Coverage required

Question

I was came across a problem during an exercise in a book and I don't really know how to solve it. I feel like something's missing.

"coverage, c = $NL/G$ (N=number of reads, L=read length, G=genome length) total expected gap length = $G(e^{-c})$ total number of gaps = $N(e^{-c})$

Question: You want to sequence a 4 Mb genome by the shotgun method, by assembling random fragments with read length 500. What coverage would you require, to expect no more than four gaps, assuming no complications arising from repetitive sequences or far-from equimolar base composition?"

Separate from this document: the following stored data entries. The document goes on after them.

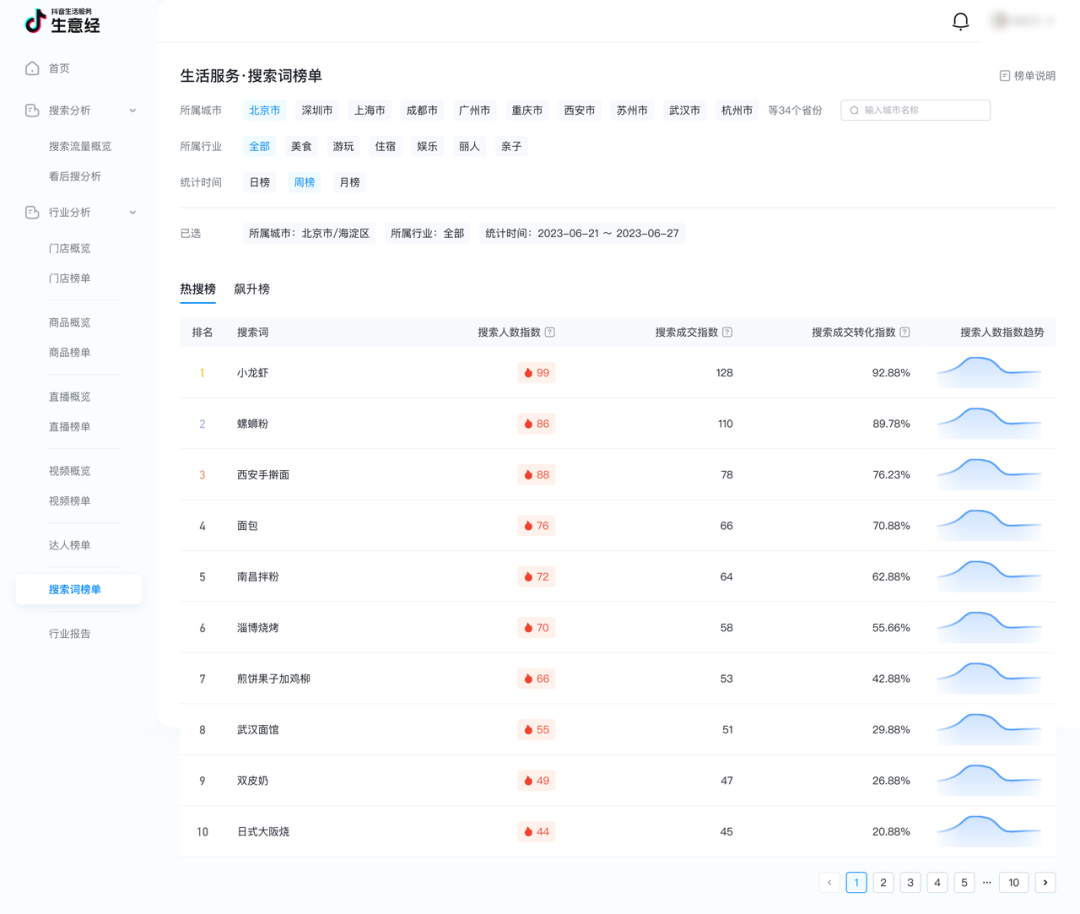 抖音生活服务凭借海量的兴趣用户和丰富的经营工具等优势,吸引了大批商家入驻,为帮助更多商家找到经营提升点与机会点,抖音生活服务特别推出「生意经」产品。作为抖音生活服务团队官方出品的数据平台,「生意经」提供了行业动态、优秀榜单、行业概览等维度的数据分析,具备行业数据报告订阅/推送等能力,助力商家洞悉行业生态,发现热点内容。
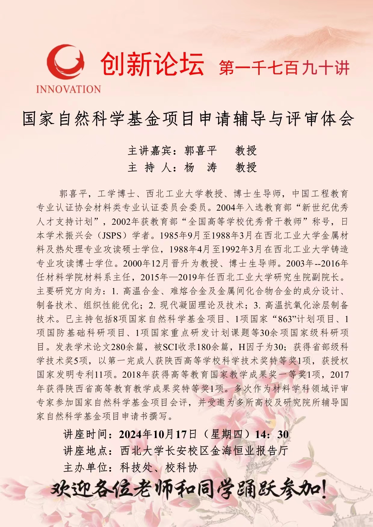 郭喜平 教授 bat365正版唯一官网创新论坛第一千七百九十讲:国家自然科学基金项目申请辅导与评审体会 讲座时间 2024年10月17日(星期四)下午2:30 讲座地点 bat365正版唯一官网长安校区金海恒业报告厅 讲座人介绍 郭喜平 教授 讲座内容
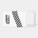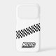 This iPhone case is shown with a black and white checkered racing print.
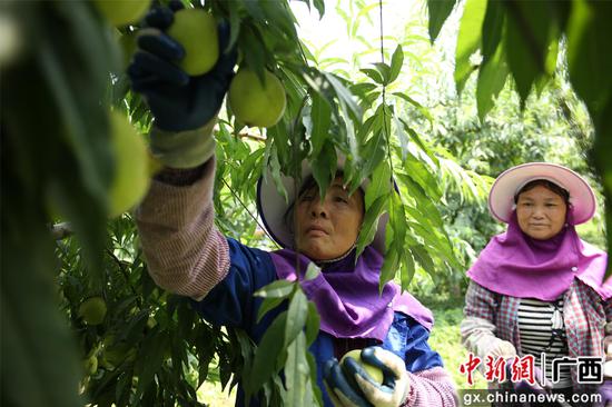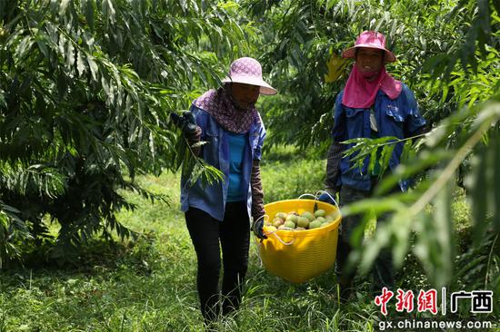 7月6日,走进广西柳州市柳江区穿山镇国春鹰嘴桃种植基地,工人正忙着采摘枝头青中带白,白里透红的鹰嘴桃。
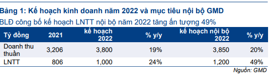 hiện dự báo GML sẽ đóng góp 203 tỷ đồng lợi nhuận cho GMD trong năm 2022 so với khoản lỗ khoảng 30 tỷ đồng trong năm 2021 theo ước tính của chúng tôi. Kế hoạch của Công ty thấp hơn 4,1% so với dự báo LNTT năm 2022 hiện tại của chúng tôi, nhưng kế hoạch nội bộ cao hơn 15% so với dự báo của chúng tôi.
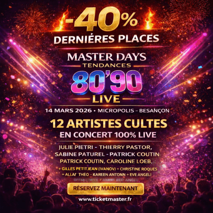 Vibrez, chantez, dansez… et profitez dès maintenant de l’offre exclusive Master Days sur Ticketmaster pour réserver vos places. Un événement générationnel à ne pas manquer !

The answer from the book is basically just: Solve $N(e^{-c})=4$ for $c$, but the question doesn't give what $N$ is?

Answer 1

According to the book you mentionned Introduction to Genomics SecondEdition by Arthur MLesk p.113

(a) What fraction of a genome could you expect to assemble from eightfold coverage? 
(b) What total gap length would you expect in an assembly of a 2 Mb target genome size from eightfold coverage? 
(c) How many gaps would you expect in an assembly of a 2 Mb target genome size from an eightfold coverage of fragments with a read length of 500? 
(d) You want to sequence a 4 Mb genome by the shotgun method, by assembling random fragments with read length 500. What coverage would you require, to expect no more than four gaps, assuming no complications arising from repetitive sequences or far-from-equimolar base composition?

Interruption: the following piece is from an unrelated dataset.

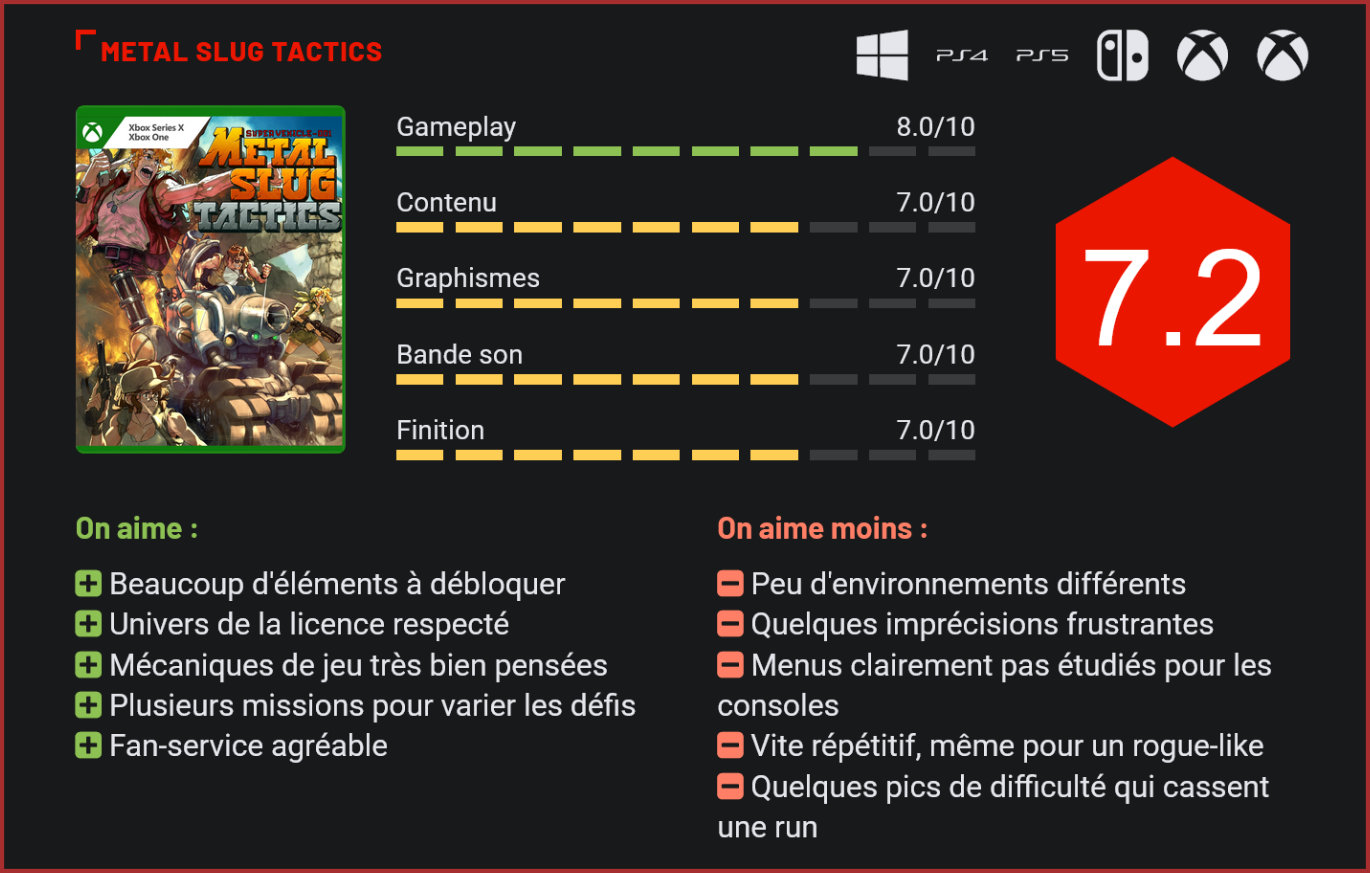 16 ans, c’est le temps qui sépare la sortie du dernier Metal Slug canonique, à savoir Metal Slug 7 qui a vu le jour sur Nintendo DS, du nouveau spin-off qui vient de sortir. Certes, quelques épisodes destinés aux supports mobiles ont fait leur apparition entre temps, dont des Tower Defense, mais aucun jeu n’a réellement retenu l’attention. Une question se pose donc : ce spin-off Metal Slug Tactics parvient-il à renouer avec l’esprit de la licence, et ce, suffisamment pour signer son grand retour ? DotEmu est un éditeur spécialisé dans le retour de certaines licences cultes. L’entreprise est notamment associée à Wonder Boy III : The Dragon’s Trap, Streets of Rage 4, Windjammers 2 ou encore TMNT Shredder’s Revenge. Dernièrement, elle signe le retour d’une célèbre licence de SNK, à savoir Metal Slug. Le projet a été développé par Leikir Studio, un studio de développement parisien fondé en 2012 auquel on doit Isbarah, Wondershot ou encore Rogue Lords. Ce dernier a fait un pari audacieux en offrant à la licence une toute nouvelle approche. Oubliez le run ‘n gun des épisodes canoniques, ce spin-off prend la forme d’un RPG tactique au tour par tour, avec un aspect rogue-like. Il faut bien l’avouer, le T-RPG est un genre de niche. De prime abord, le choix de Leikir Studio est surprenant, surtout pour remettre sous le feu des projecteurs une licence connue pour son aspect run ‘n gun. Sur le papier, les deux genres sont à l’opposé. L’un demande de prendre son temps, de réfléchir, d’anticiper les coups suivants, quand l’autre joue sur l’urgence pour avancer le plus vite possible en tirant sur tout ce qui bouge. Pourtant, les développeurs ont réussi le tour de force de combiner les deux. Cela passe par une idée très simple mais ô combien efficace. Plus un personnage se déplace loin sur la map, plus il engrange de points d’esquive pour limiter les dégâts reçus durant le tour (de l’ennemi) suivant. En somme, contrairement à beaucoup de titres du genre qui misent sur un contrôle de sa zone, Metal Slug Tactics fait tout pour que le joueur déplace ses personnages le plus loin possible. On retrouve donc en substance cette partie « run », même s’il faut se déplacer case par case, chacun son tour. Le niveau joue sur la verticalité pour se placer stratégiquement en fonction des adversaires Bien entendu, la partie « gun » est également assurée. De base, Marco et Fio sont équipés d’armes à feu (une faible à munitions illimitées et une plus puissante à munitions limitées), tandis qu’Eri envoie des explosifs, en plus de son arme secondaire. En sus de ces trois personnages, en terminant le jeu selon diverses conditions, on débloque six autres personnages phares de la série, à savoir Tarma, Trevor, Nadia, Ralf, Clark et Leona. Chacun dispose de son paquetage et de ses compétences, comme Trevor qui peut contrôler mentalement des ennemis. Les parties se déroulent majoritairement de la même manière. Il y a le tour du joueur et celui de l’ennemi (durant lequel on subit). Durant le premier, on peut déplacer chacun de ses personnages avant d’attaquer les ennemis. Parmi les subtilités, on note une certaine verticalité qui permet de se protéger d’une partie des attaques, des systèmes de couverture ajoutant des points de défense (pas toujours de manière cohérente d’ailleurs) et des éléments du décor interactifs pour faire plus de dégâts. On peut actionner une poulie pour décharger sa cargaison sur l’ennemi ou encore faire exploser un tonneau près des adversaires. Il y a même une particularité avec les ennemis qui nous momifient, ces derniers nous permettant de faire bien plus de dégâts au corps à corps sur le tour suivant. Le gameplay est plutôt bien calibré et demande une certaine réflexion… et surtout de l’anticipation. Il est donc nécessaire de bien étudier tous les aspects du jeu, notamment au niveau de l’utilisation des actions spéciales, de l’optimisation de ses points de mouvement ou au niveau des atouts qui ajoutent des bonus non négligeables. Metal Slug oblige, le célèbre tank est également de la partie. Lorsqu’il est ajouté à la mission, il permet de faire de sacrés dégâts. Nous n’allons pas décortiquer chaque élément du gameplay mais il y a une spécificité qui fait tout le sel des parties. C’est la synchronisation. Concrètement, lorsque les alliés sont positionnés de telle sorte à pouvoir toucher un ennemi que l’on cible, ces derniers se synchronisent et déclenchent également leur attaque. Le ou les pauvre(s) adversaire(s) subissent alors deux ou trois assauts. De quoi réduire leur barre de vie à zéro très rapidement, voire en éliminer plusieurs sur un seul tour. Pour aider à visualiser les impacts, en déplaçant la zone d’action, on peut observer si l’attaque va toucher, combien elle va infliger, si une synchronisation va se lancer et combien elle fera de dégâts. À vrai dire, les développeurs ont essayé de rendre le gameplay accessible au plus grand nombre. Malheureusement, s’il y a plein de bonnes intentions, les néophytes seront vite perdus. La faute à un tutorial qui est trop succinct pour s’approprier toutes les notions du jeu. En plus, on sent bien que l’interface a été pensée avant tout pour des joueurs PC. Les textes sont très petits et les fenêtres s’accumulent lorsqu’on veut préciser une notion en cliquant sur le joystick droit. Une fonctionnalité qui se déclenche juste au passage de la souris sur le lien sur un PC. Plus pratique et moins invasif. Comme il y a beaucoup de textes, notamment pour comprendre les effets des compétences ou des atouts, on se retrouve vite gêné ou à s’approcher de son téléviseur, quand on ne plisse pas les yeux. De même, on est parfois confus quand un bouton sert à la validation une partie du temps et que c’est un autre qui prend le relais le reste du

I'm agreed that whitout knowing $ N $ it's not obvious to answer this last question so perhaps they're a mistake in the statement of this exercise. As Devon Ryan suggested, let's assume eightfold coverage means the coverage $ C $ = 8X

So we can calculate the number of reads:

$ N = \frac{GC}{L} $

$ N = \frac{4000000\times{8}}{500} = 64000 $ reads

Then we can calculate the required coverage to expect no more than four gaps:

$ N( e^{-C}) = 4 $

$ e^{C} = \frac{N}{4} $

$ C = log{\frac{N}{4}} $

$ C $ = 10X

(PS: I would like to thank @LordOfRacoons to help answer this question.)